Repeat only the lines below that run from the line with "多品种交易,三个半月账户净值2.98! 该账户交易比较激进,日均风险度在113.44%。 奖金上不封顶" to the line with "Il DHT11 ha", ends included; skip every picture.

Record excerpts Start Marker

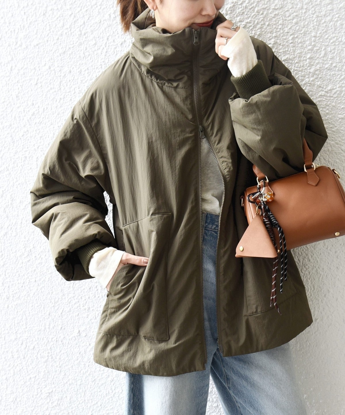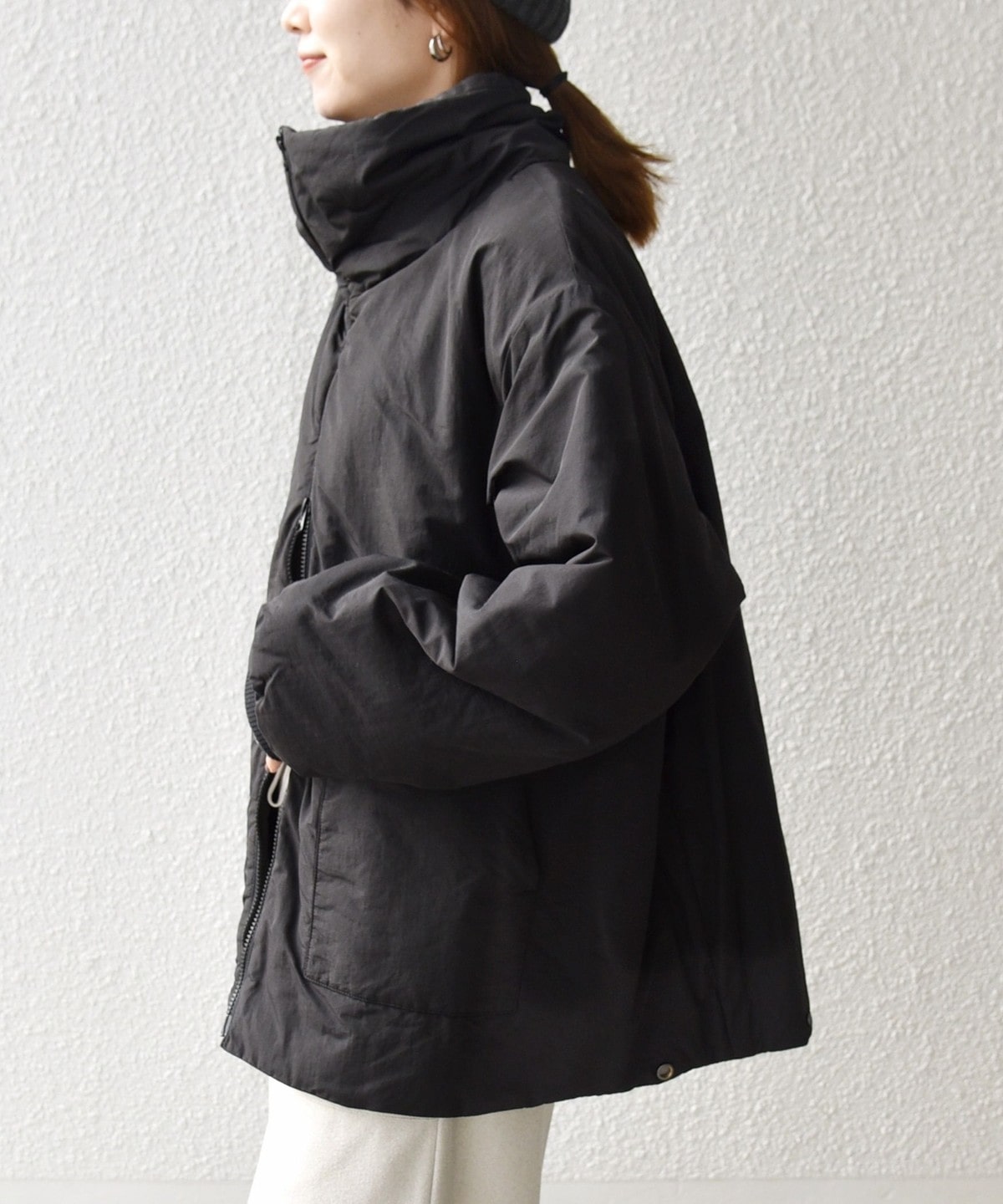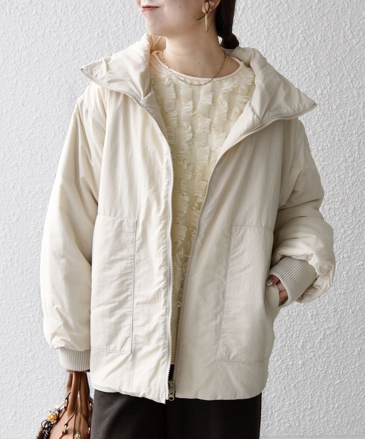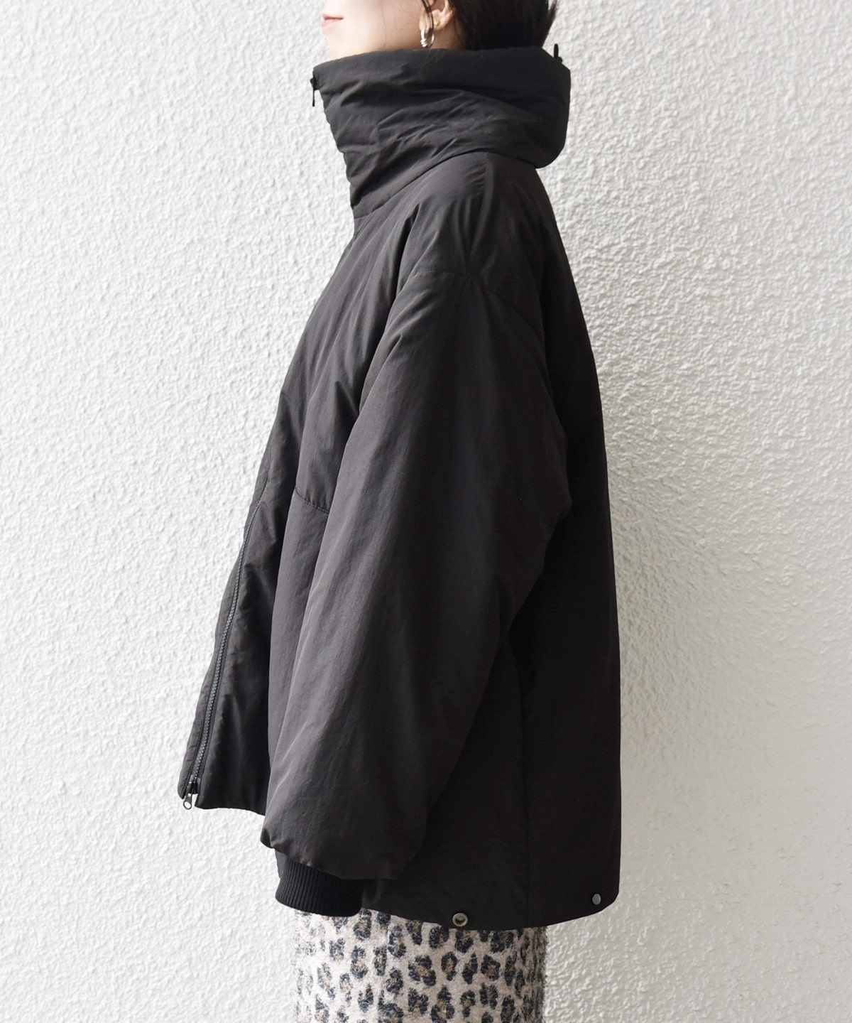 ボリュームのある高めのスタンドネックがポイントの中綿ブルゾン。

Record excerpts End Marker
Record excerpts Start Marker

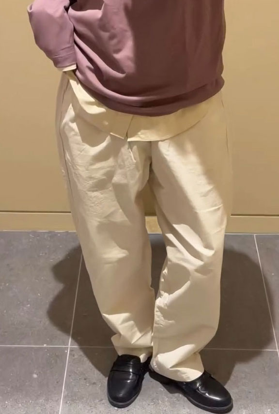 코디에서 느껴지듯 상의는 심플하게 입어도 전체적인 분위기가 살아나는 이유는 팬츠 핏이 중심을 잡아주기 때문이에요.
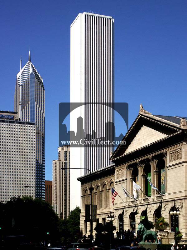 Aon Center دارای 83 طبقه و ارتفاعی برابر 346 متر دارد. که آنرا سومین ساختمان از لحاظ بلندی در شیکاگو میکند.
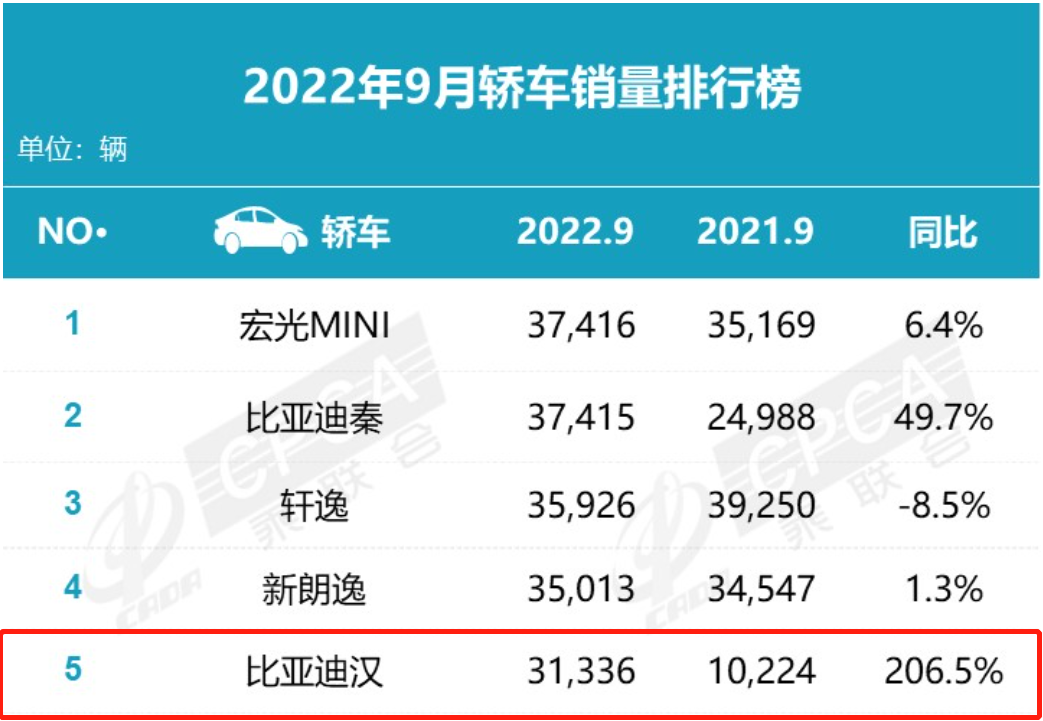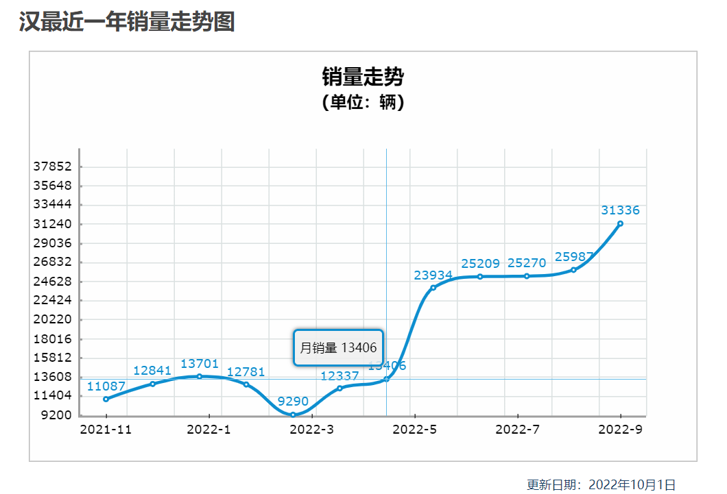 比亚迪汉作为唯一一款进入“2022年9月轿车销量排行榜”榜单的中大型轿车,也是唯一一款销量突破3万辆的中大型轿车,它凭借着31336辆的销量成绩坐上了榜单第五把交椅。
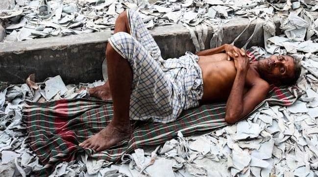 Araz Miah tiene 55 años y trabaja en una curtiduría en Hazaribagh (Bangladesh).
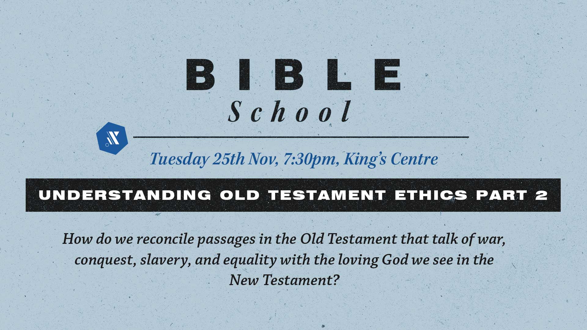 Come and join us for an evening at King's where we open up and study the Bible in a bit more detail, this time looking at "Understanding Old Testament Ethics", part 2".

Record excerpts End Marker
Record excerpts Start Marker

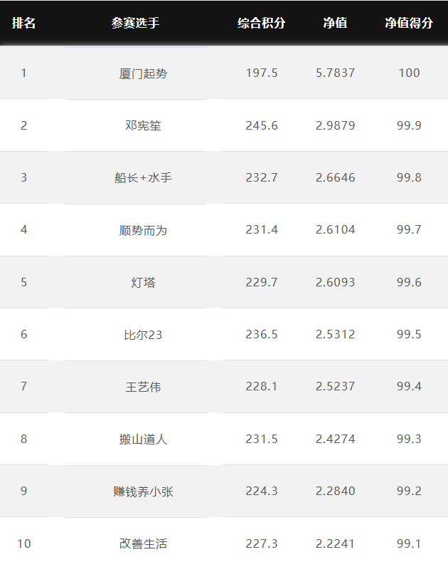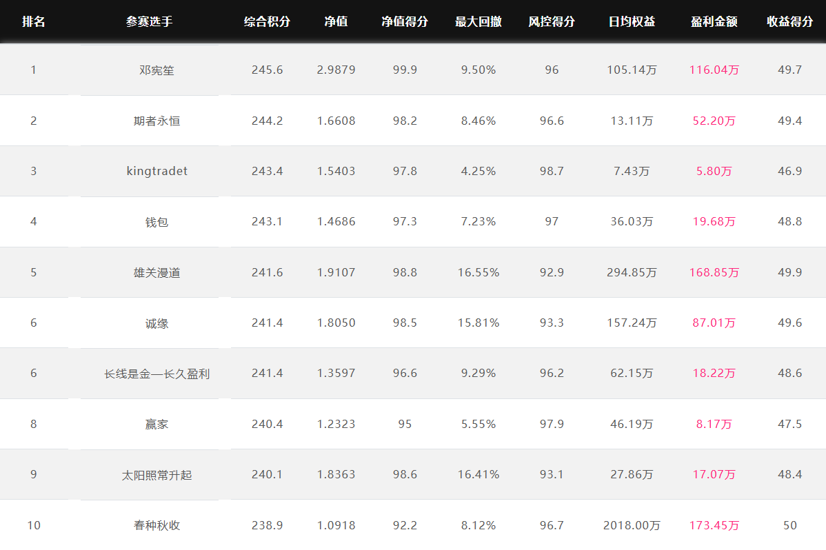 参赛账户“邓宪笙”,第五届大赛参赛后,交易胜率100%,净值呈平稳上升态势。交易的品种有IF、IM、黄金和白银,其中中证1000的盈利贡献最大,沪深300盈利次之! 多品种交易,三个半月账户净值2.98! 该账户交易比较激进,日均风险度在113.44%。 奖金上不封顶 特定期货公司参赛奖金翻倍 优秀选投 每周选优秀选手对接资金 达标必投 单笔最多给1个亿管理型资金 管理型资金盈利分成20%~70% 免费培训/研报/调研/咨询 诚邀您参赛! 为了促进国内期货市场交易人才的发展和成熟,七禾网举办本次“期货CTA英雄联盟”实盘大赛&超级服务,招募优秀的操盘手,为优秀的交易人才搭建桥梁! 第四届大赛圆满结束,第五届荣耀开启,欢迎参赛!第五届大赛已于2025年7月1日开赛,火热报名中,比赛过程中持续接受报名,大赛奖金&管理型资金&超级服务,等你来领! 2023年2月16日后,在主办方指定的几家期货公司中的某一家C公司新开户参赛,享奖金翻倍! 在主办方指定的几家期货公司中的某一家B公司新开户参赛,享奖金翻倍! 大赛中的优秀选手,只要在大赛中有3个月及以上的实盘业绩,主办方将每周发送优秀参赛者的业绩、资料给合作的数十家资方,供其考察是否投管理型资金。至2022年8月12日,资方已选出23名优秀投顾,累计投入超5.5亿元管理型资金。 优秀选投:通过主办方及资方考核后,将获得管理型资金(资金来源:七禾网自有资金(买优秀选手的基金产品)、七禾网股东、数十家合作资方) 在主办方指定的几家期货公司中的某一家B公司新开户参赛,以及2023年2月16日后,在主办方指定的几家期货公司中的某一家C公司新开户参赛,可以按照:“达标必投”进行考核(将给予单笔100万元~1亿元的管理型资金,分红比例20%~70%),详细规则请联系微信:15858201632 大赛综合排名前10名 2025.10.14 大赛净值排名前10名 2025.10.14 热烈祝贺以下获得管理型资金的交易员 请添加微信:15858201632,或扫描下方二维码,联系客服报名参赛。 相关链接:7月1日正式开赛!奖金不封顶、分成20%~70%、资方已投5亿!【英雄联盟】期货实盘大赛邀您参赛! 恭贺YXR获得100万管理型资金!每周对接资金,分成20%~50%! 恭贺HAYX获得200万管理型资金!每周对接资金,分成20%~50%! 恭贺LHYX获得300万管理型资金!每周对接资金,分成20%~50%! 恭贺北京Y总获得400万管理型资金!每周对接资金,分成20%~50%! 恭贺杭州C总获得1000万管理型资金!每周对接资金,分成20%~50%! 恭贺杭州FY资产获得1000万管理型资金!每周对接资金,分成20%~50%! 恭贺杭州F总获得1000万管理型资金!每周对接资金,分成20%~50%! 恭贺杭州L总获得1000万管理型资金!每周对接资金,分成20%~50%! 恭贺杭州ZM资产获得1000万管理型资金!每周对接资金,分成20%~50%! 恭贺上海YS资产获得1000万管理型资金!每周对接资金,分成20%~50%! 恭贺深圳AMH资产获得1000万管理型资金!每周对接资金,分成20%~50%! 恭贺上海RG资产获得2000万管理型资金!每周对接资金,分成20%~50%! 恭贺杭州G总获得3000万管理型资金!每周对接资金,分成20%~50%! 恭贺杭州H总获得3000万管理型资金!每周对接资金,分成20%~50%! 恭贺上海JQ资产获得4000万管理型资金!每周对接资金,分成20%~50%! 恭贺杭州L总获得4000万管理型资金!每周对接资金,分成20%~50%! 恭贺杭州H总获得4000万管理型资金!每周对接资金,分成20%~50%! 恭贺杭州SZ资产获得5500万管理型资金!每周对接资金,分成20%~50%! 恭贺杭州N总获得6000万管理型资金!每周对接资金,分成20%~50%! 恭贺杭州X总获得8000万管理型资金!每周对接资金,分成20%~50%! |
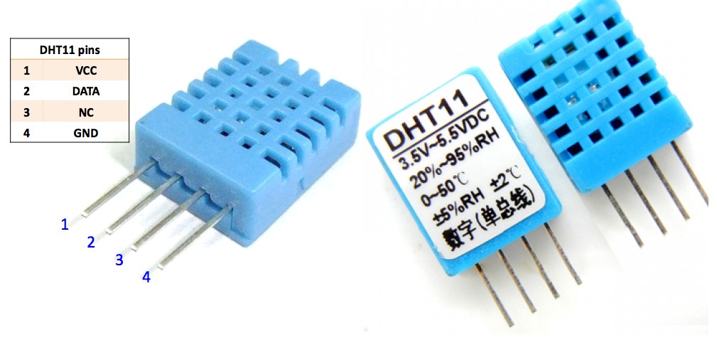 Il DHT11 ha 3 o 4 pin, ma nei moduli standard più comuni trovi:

Record excerpts End Marker

**Exercise answer**
 参赛账户“邓宪笙”,第五届大赛参赛后,交易胜率100%,净值呈平稳上升态势。交易的品种有IF、IM、黄金和白银,其中中证1000的盈利贡献最大,沪深300盈利次之! 多品种交易,三个半月账户净值2.98! 该账户交易比较激进,日均风险度在113.44%。 奖金上不封顶 特定期货公司参赛奖金翻倍 优秀选投 每周选优秀选手对接资金 达标必投 单笔最多给1个亿管理型资金 管理型资金盈利分成20%~70% 免费培训/研报/调研/咨询 诚邀您参赛! 为了促进国内期货市场交易人才的发展和成熟,七禾网举办本次“期货CTA英雄联盟”实盘大赛&超级服务,招募优秀的操盘手,为优秀的交易人才搭建桥梁! 第四届大赛圆满结束,第五届荣耀开启,欢迎参赛!第五届大赛已于2025年7月1日开赛,火热报名中,比赛过程中持续接受报名,大赛奖金&管理型资金&超级服务,等你来领! 2023年2月16日后,在主办方指定的几家期货公司中的某一家C公司新开户参赛,享奖金翻倍! 在主办方指定的几家期货公司中的某一家B公司新开户参赛,享奖金翻倍! 大赛中的优秀选手,只要在大赛中有3个月及以上的实盘业绩,主办方将每周发送优秀参赛者的业绩、资料给合作的数十家资方,供其考察是否投管理型资金。至2022年8月12日,资方已选出23名优秀投顾,累计投入超5.5亿元管理型资金。 优秀选投:通过主办方及资方考核后,将获得管理型资金(资金来源:七禾网自有资金(买优秀选手的基金产品)、七禾网股东、数十家合作资方) 在主办方指定的几家期货公司中的某一家B公司新开户参赛,以及2023年2月16日后,在主办方指定的几家期货公司中的某一家C公司新开户参赛,可以按照:“达标必投”进行考核(将给予单笔100万元~1亿元的管理型资金,分红比例20%~70%),详细规则请联系微信:15858201632 大赛综合排名前10名 2025.10.14 大赛净值排名前10名 2025.10.14 热烈祝贺以下获得管理型资金的交易员 请添加微信:15858201632,或扫描下方二维码,联系客服报名参赛。 相关链接:7月1日正式开赛!奖金不封顶、分成20%~70%、资方已投5亿!【英雄联盟】期货实盘大赛邀您参赛! 恭贺YXR获得100万管理型资金!每周对接资金,分成20%~50%! 恭贺HAYX获得200万管理型资金!每周对接资金,分成20%~50%! 恭贺LHYX获得300万管理型资金!每周对接资金,分成20%~50%! 恭贺北京Y总获得400万管理型资金!每周对接资金,分成20%~50%! 恭贺杭州C总获得1000万管理型资金!每周对接资金,分成20%~50%! 恭贺杭州FY资产获得1000万管理型资金!每周对接资金,分成20%~50%! 恭贺杭州F总获得1000万管理型资金!每周对接资金,分成20%~50%! 恭贺杭州L总获得1000万管理型资金!每周对接资金,分成20%~50%! 恭贺杭州ZM资产获得1000万管理型资金!每周对接资金,分成20%~50%! 恭贺上海YS资产获得1000万管理型资金!每周对接资金,分成20%~50%! 恭贺深圳AMH资产获得1000万管理型资金!每周对接资金,分成20%~50%! 恭贺上海RG资产获得2000万管理型资金!每周对接资金,分成20%~50%! 恭贺杭州G总获得3000万管理型资金!每周对接资金,分成20%~50%! 恭贺杭州H总获得3000万管理型资金!每周对接资金,分成20%~50%! 恭贺上海JQ资产获得4000万管理型资金!每周对接资金,分成20%~50%! 恭贺杭州L总获得4000万管理型资金!每周对接资金,分成20%~50%! 恭贺杭州H总获得4000万管理型资金!每周对接资金,分成20%~50%! 恭贺杭州SZ资产获得5500万管理型资金!每周对接资金,分成20%~50%! 恭贺杭州N总获得6000万管理型资金!每周对接资金,分成20%~50%! 恭贺杭州X总获得8000万管理型资金!每周对接资金,分成20%~50%! |
 Il DHT11 ha 3 o 4 pin, ma nei moduli standard più comuni trovi:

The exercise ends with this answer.